Word for word, restate the lines of the data below between those holding "alte Postkarte Seilbahn" and "Следующим пунктом поездки", inclusive; pictures do not belong in the copy.

## Excerpted records
★ ★ ★ ★ ★ ★ ★

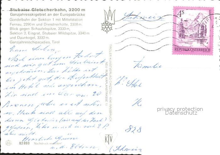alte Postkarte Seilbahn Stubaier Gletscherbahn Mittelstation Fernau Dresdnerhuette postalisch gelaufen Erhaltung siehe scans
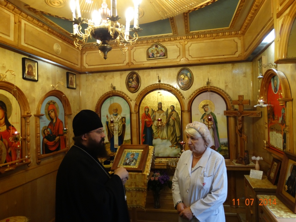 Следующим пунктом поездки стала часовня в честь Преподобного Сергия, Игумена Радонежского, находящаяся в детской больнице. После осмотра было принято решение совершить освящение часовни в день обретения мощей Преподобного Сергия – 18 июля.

★ ★ ★ ★ ★ ★ ★

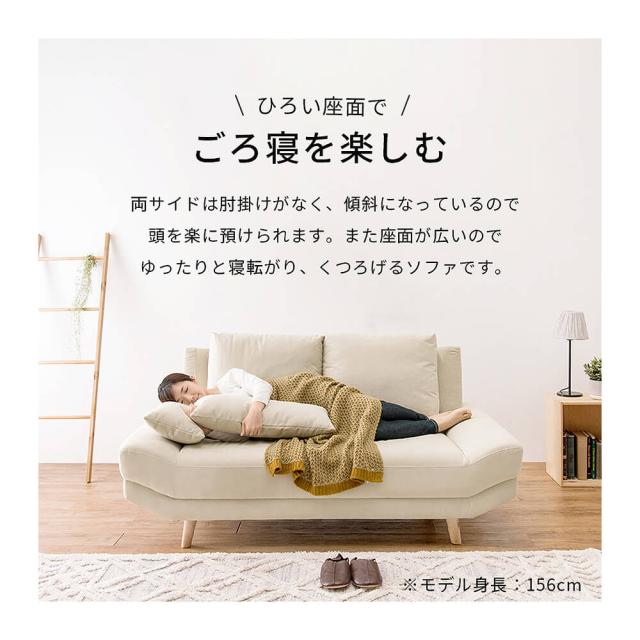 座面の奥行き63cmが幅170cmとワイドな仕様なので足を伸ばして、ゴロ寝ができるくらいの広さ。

★ ★ ★ ★ ★ ★ ★

## Response to this task
alte Postkarte Seilbahn Stubaier Gletscherbahn Mittelstation Fernau Dresdnerhuette postalisch gelaufen Erhaltung siehe scans
 Следующим пунктом поездки стала часовня в честь Преподобного Сергия, Игумена Радонежского, находящаяся в детской больнице. После осмотра было принято решение совершить освящение часовни в день обретения мощей Преподобного Сергия – 18 июля.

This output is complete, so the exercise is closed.